Plaintiff’s next argument is that the insurer, by its inspection, assumed a portion of the dealership’s duty to provide a safe workplace. The thrust of the argument is that insurer undertook inspection of the whole premises and that includes a duty to inspect and warn about the forklift attachment.

The SCOV remains unconvinced. It reasons that insurer was the general liability insurer, not the workers’ compensation insurer. Furthermore, insurer’s inspection was a “safety survey” and no evidence shows that insurer undertook a duty that the dealership owed to decedent. Likewise, the SCOV finds no basis to conclude that insurer undertook a duty to provide a safe workplace.

The SCOV then spends a fair amount of ink discussing a similar case against a workers’ compensation insurer in order to distinguish that case (in which a jury’s liability verdict was upheld) from this one. Long story short—general liability as opposed to workers’ comp; one “safety survey” as opposed to regular inspections; one set of recommendations as opposed to regular “plans of action.” And, well . . . you get the idea.

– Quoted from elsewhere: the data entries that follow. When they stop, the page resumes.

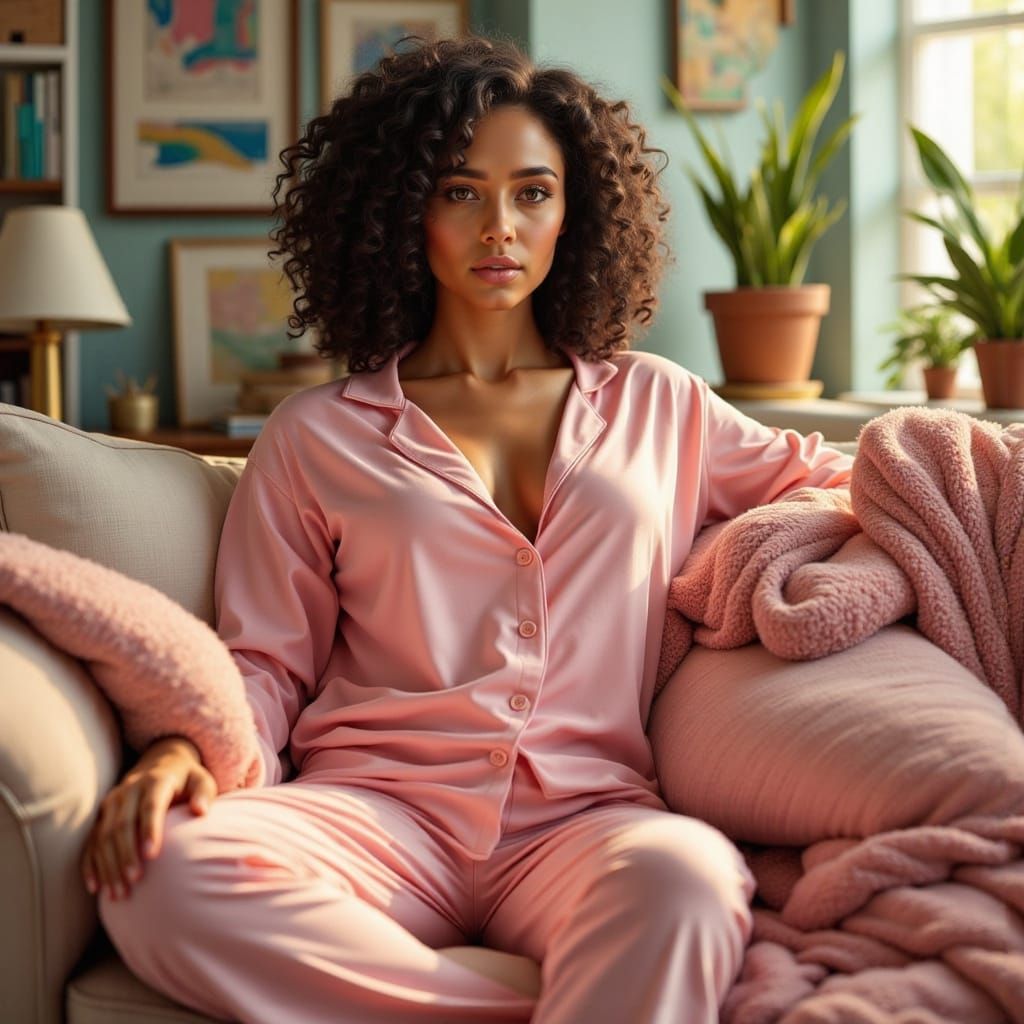 This image captures a serene moment of a woman in cozy pink pajamas, her dark curly hair blown by the wind, as she lounges on a retro sofa in a hyper-realistic style reminiscent of vintage photography and Art Nouveau influences.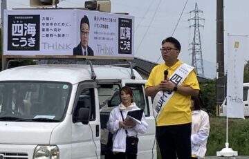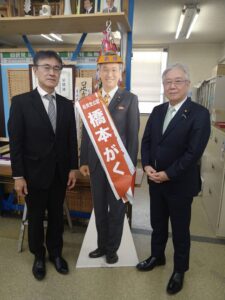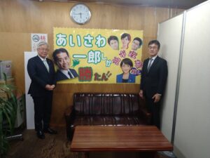 加藤勝信候補、橋本がく候補、あいさわ一郎候補の事務所を訪問し、夕刻から山下たかし候補の個人演説会に参加をしていただきました。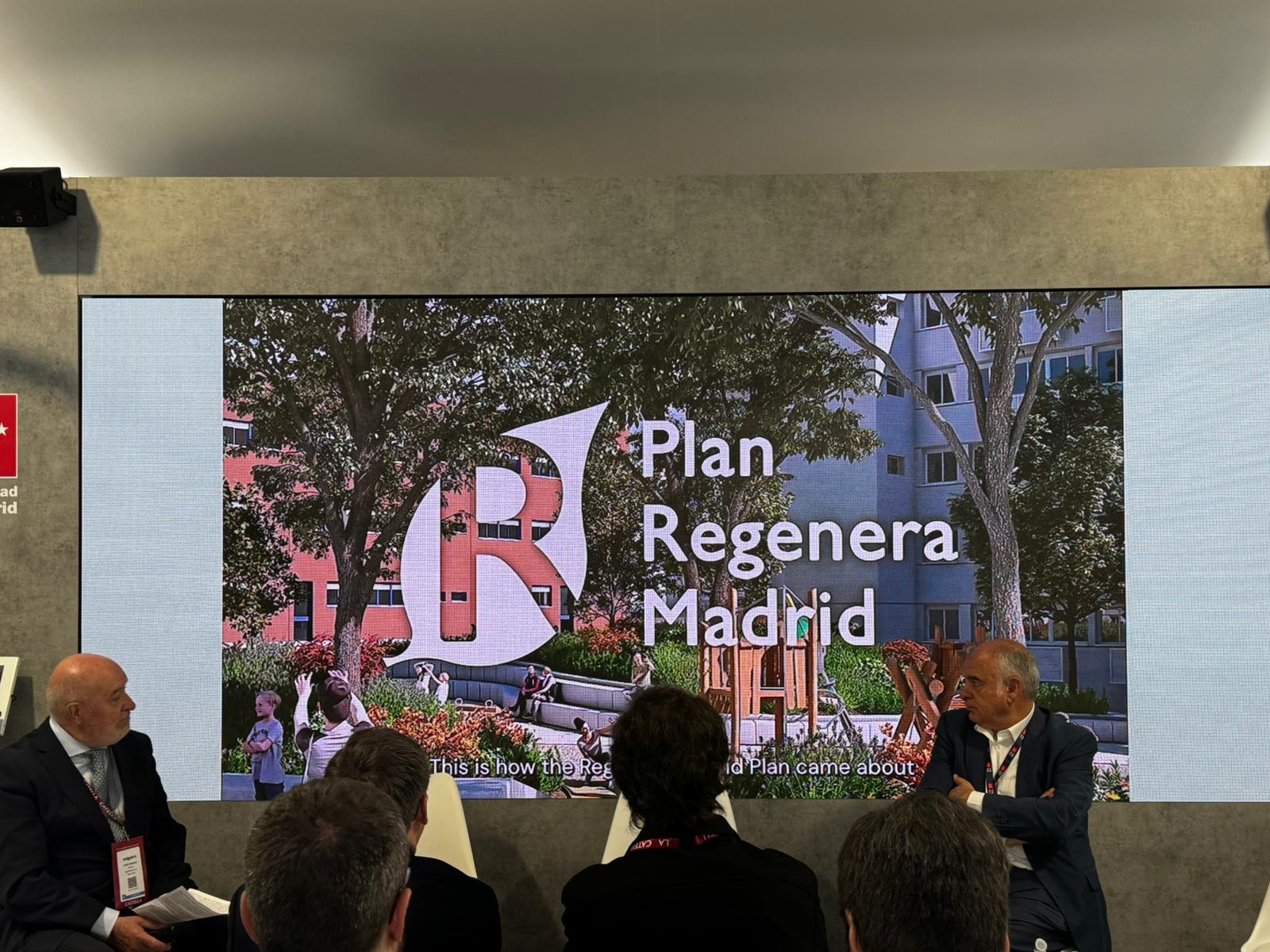 Uno de los ejes principales de la intervención del delegado ha sido el Plan Regenera Madrid, la estrategia municipal destinada a mejorar los barrios construidos antes de 1985. Este plan actuará sobre más de 85 kilómetros cuadrados de tejido urbano, lo que supone alrededor del 60 % de los barrios residenciales consolidados de la ciudad, y beneficiará a 1,2 millones de viviendas y cerca de 2,6 millones de habitantes, el 75 % de la población madrileña.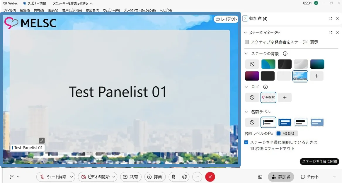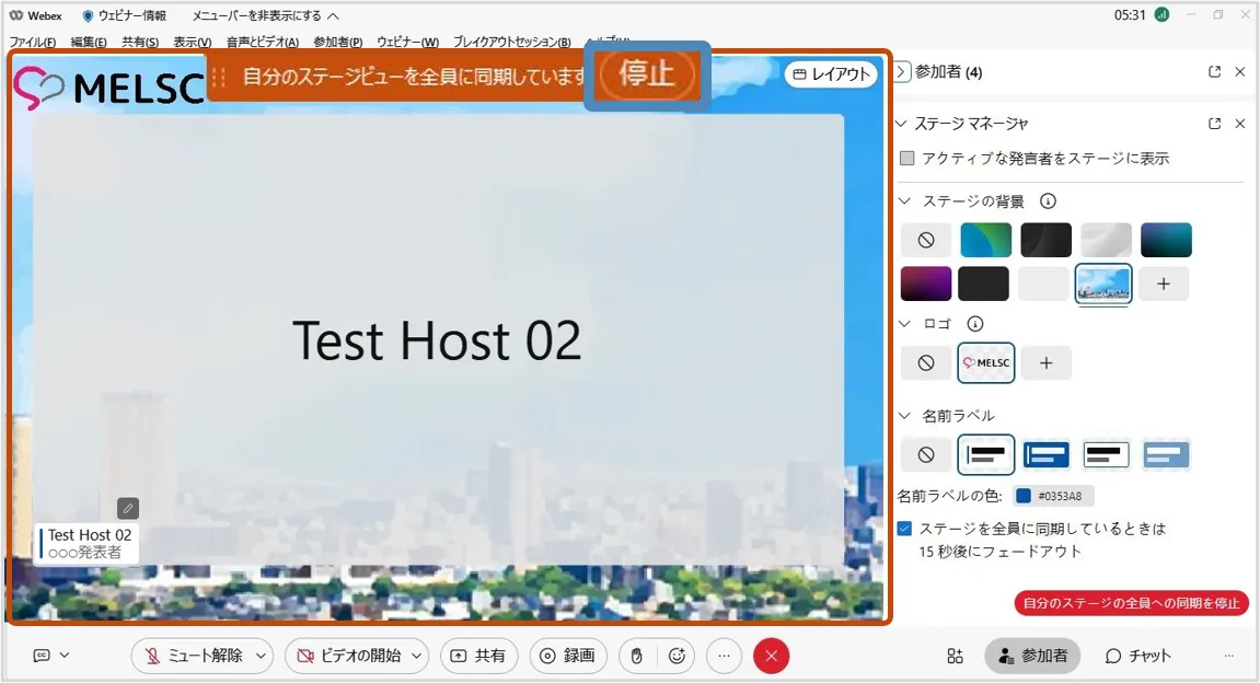 ※停止した場合,出席者はステージマネージャーで設定した背景などは利用することはできません.再度「同期」するとステージマネージャーで設定したレイアウトを使用できます.

Despite plaintiff’s most-valiant efforts, the SCOV finds no basis to apply an undertaking-of-a-duty-the-insured-owed-to-decedent trigger for liability.

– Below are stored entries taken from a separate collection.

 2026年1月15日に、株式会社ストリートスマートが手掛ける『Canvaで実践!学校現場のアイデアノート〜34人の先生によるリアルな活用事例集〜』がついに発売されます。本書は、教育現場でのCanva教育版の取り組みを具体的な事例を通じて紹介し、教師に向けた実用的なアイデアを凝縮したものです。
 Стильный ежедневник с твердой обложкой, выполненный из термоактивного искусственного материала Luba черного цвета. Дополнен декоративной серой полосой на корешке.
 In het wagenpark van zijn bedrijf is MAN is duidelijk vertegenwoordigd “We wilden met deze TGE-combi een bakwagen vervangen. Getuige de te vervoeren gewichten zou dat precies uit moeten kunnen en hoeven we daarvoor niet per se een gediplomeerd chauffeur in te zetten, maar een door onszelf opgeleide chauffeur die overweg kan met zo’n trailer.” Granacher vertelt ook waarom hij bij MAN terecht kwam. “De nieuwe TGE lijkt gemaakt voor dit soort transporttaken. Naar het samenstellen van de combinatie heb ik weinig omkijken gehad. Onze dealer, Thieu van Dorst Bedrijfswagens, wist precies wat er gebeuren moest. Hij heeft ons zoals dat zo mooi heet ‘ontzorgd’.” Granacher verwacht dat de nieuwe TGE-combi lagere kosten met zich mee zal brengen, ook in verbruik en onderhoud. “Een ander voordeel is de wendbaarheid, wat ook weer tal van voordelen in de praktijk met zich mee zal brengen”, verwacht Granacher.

Plaintiff’s last argument on the liability issue is that people—including the employees and owners—relied on insurer’s safety survey to the extent that they all thought the forklifts and attachments were safe.

The SCOV throws up an “unavailing” in response to that argument and y’all know what that means. Yep. As the SCOV puts it, “Any reliance on the safety survey for the purposes cited by plaintiff would be unreasonable as a matter of law.” No reasonable employer could believe that insurer had identified and addressed all safety concerns. And on top of that, the forklift-con-attachment involved in the accident did not exist at the time of the inspection.

The SCOV concludes, therefore, that the trial court got it right when it granted insurer judgment as a matter of law.

The next issue is relatively interesting. Plaintiff argues that unless a party “wins” a case—that is a claim or a counterclaim—then recovery of costs are prohibited. The trial court called this reasoning tortured, and while the SCOV doesn’t come right out and say it that way, you know it referred to the trial court’s reasoning on purpose.

There’s an interesting discussion regarding the common-law and statutory lineage of Vermont’s allowance-of-costs rule, and its relationship to Maine (where we stole—uh, borrowed—our rule from) and federal law. What it all boils down to is that the trial courts have discretion to award almost all costs (other than attorney’s fees) to a prevailing party. And the definition of prevailing party certainly includes a defendant in a negligence action who is found not liable as a matter of law.

The trial court's rulings are affirmed.